There is no cure for the common cold, so your immune system is all you have to battle the virus. You keep your immune system strong with a balanced diet rich in fresh fruits and vegetables, and by having adequate rest. Large doses of vitamins or mineral supplements are not a substitute for these. Your mum was right: you have to look after yourself.
Another point…
Do not ask your doctor for antibiotics if you have a cold. Colds are caused by viruses, which are unaffected by antibiotics. Antibiotics are only of value if a cold leads to a secondary bacterial infection.
Medication can relieve the symptoms of a cold but not cure it. The cold keeps on brewing, even when its symptoms are masked. Aspirin or Paracetamol can help to relieve a headache or sore throat and may settle a mild fever. Decongestants will reduce some of the swelling of the nasal lining tissues and may make it easier to equalise pressure in the ears or sinuses.
Allergy to plant pollens, known as hay fever, can produce similar symptoms to a cold. The cause doesn’t matter. If your ears are blocked and you are feeling blunt and stupid, it is not a day for flying, no matter how blue the sky.
Hay fever can usually be treated with antihistamines or decongestants, but antihistamines can cause drowsiness, which is a ground for grounding in itself.

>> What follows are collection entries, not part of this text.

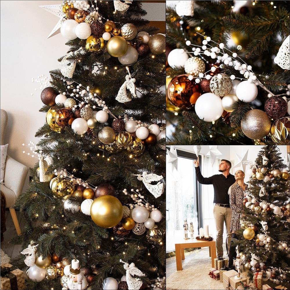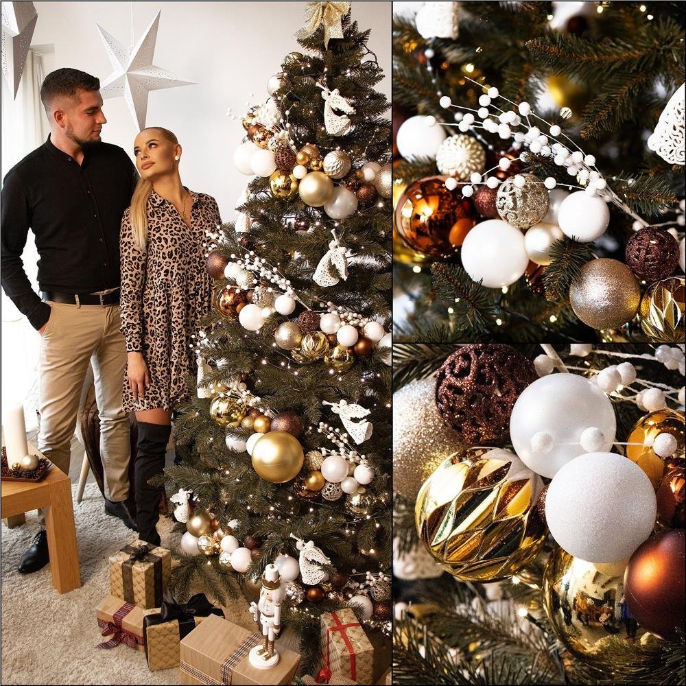 Specification: Set globuri brad si varf stea, 101 piese, plastic, 3–7 cm, maro si rose gold
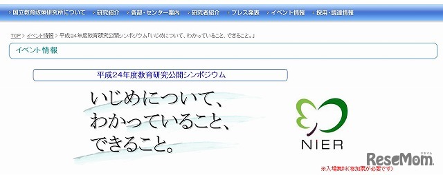 国立教育政策研究所は11月4日、いじめが背景事情として認められる生徒の自殺事案の発生を受け、研究成果とともに広く一般に伝えるための公開シンポジウム「いじめについて、わかっていること、できること。」を開催する。
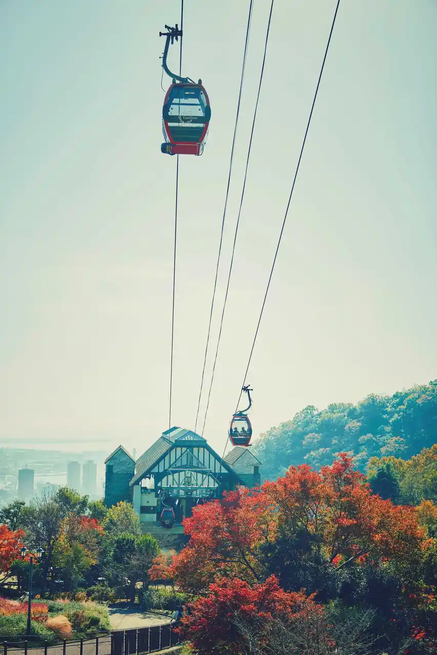 神戸布引ハーブ園は、紅、オレンジ、黄色に色づく紅葉とともに、可憐に彩るハーブや花々を同時に鑑賞することができる神戸随一の紅葉の名所です。ロープウェイや展望プラザ(標高約400m)、ガーデン各所、風の丘芝生広場(標高約250m)で紅葉越しの美しい神戸の街並みが望めるのも神戸布引ハーブ園ならでは。様々な色合いが美しく織りなす情景を目に、優雅な秋の散策をお楽しみください |

Finally, there’s a particularly dangerous condition that can sometimes – but rarely, it must be said – be precipitated by a viral infection, such as a heavy cold or flu. It is myocarditis, an inflammation of the heart muscle, with symptoms varying from none to chest pain, heart failure and sudden death. Myocarditis was implicated, although not proved as a contributing factor, in a 1991 helicopter crash on Queensland’s Gold Coast that killed seven people. An autopsy discovered its signs in the body of the 27-year-old pilot.
The helicopter crashed after entering a vertical climb and falling backwards. It broke up as the main rotor sliced into the tail boom. The Bureau of Air Safety Investigation report found the pilot was ‘sensible and mature’ and considered it unlikely he would have attempted the climb as a stunt.
‘It is possible that the vertical manoeuvre was initiated by the pilot losing control due to an incapacitating event. The lack of change in the helicopter’s attitude during its final moments is also consistent with pilot incapacity,’ it found.
The pilot had no symptoms other than ‘an uncharacteristic need for additional sleep in the last three weeks of his life’, the report noted. ‘Fatigue is a symptom of myocarditis’, it added.
Myocarditis is a very rare complication of a common cold but the point remains valid. A cold may be trivial on the ground but can be fatal in an aircraft.